Ives entered the University of Iowa in the fall of 1943 as a 17-year-old freshman. Due to World War II and the lack of able-bodied male student athletes across the nation, the NCAA allowed freshmen to play varsity sports in college, which until that time had been disallowed. With this rare opportunity, Ives went on to have a highly successful four-year letter-winning career as a Hawkeye. He led the team in scoring for his first three seasons, and as a freshman he scored a then-unheard of school- and Big Ten Conference-record 43 points in a single game. It is still the third highest scoring game in Iowa history and it earned him the nickname "Diagonal Dagger." Ives was a three-time All-American, and in 1944–45 he was voted as a consensus Second Team All-American (coincidentally, fellow sophomore teammate Herb Wilkinson was also a consensus All-American). That season, the Hawkeyes also won the Big Ten Conference championship.

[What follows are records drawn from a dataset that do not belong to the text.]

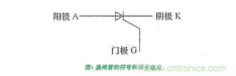 晶閘管也是一個三端器件,按照現(xiàn)有的應用習慣,其三個端子定義為陽極(A,anode)、陰極(K,cathode)和門極(G,gate)。晶閘管的符號以及對應三個端子的定義如圖1所示。
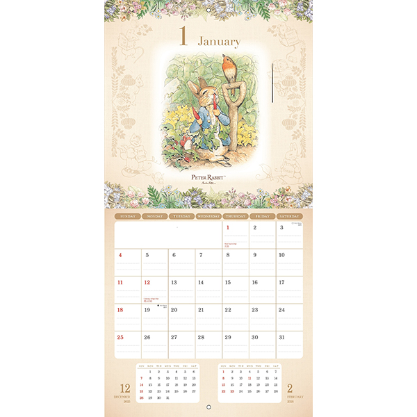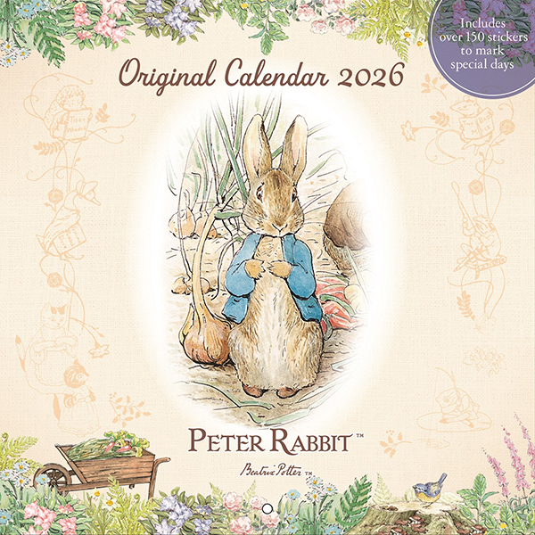 世界中で愛されるキャラクター、ピーターラビットの2026年カレンダー。
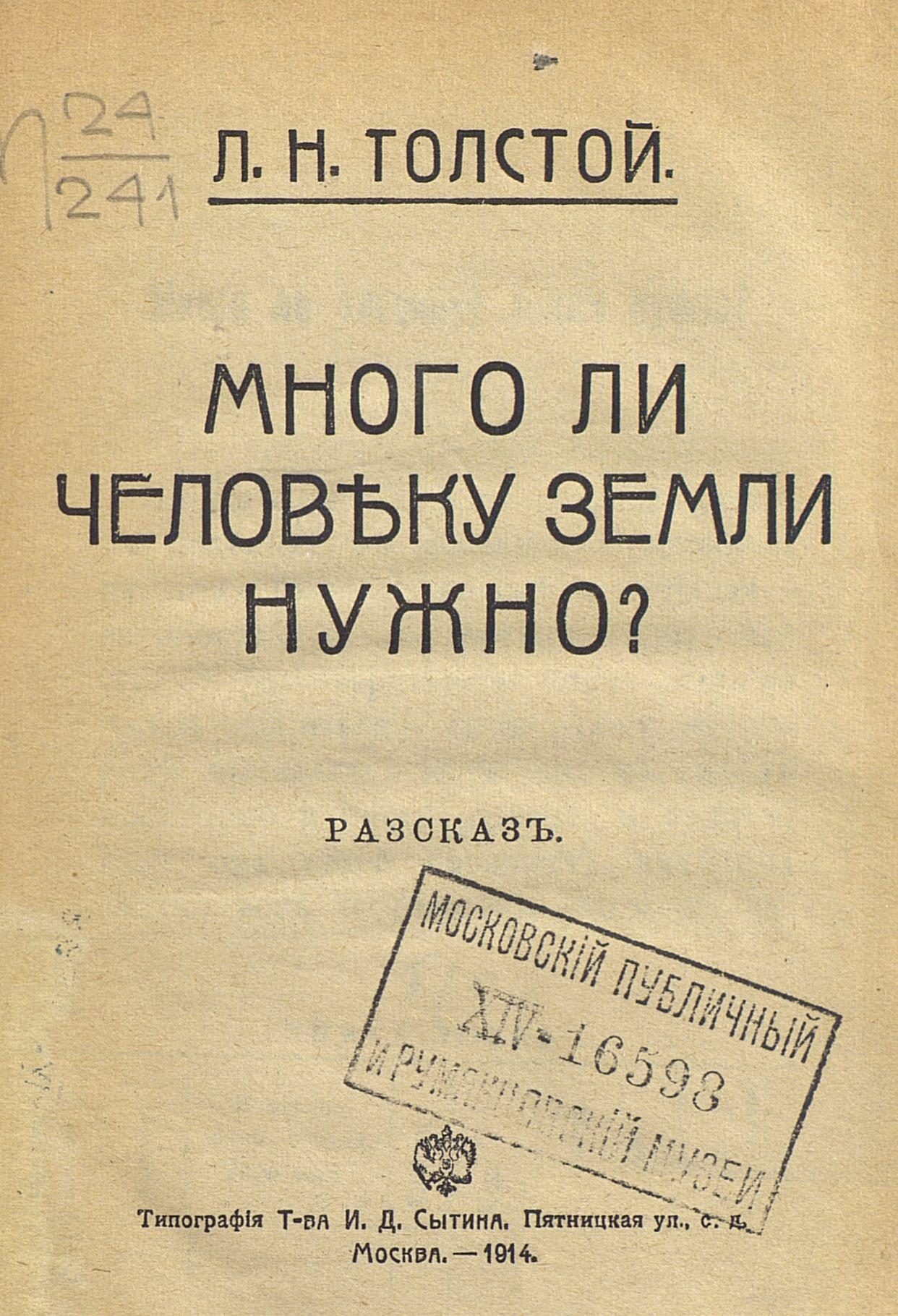 وقد كتبها ” تولستوي” تحت عنوان “ماذا يحتاج الإنسان من الأرض “

After his senior year in 1946–47, Ives was drafted by the Pittsburgh Ironmen of the Basketball Association of America (which would become the National Basketball Association) but never played a game for them. He instead coached basketball and baseball at Parsons College, married Joan Newton and lived in Cedar Rapids, Iowa where Ives had a hardware business. In 1954 they moved to Miami, Florida, and resided there for the rest of their lives. Ives died on May 5, 1997, in Miami.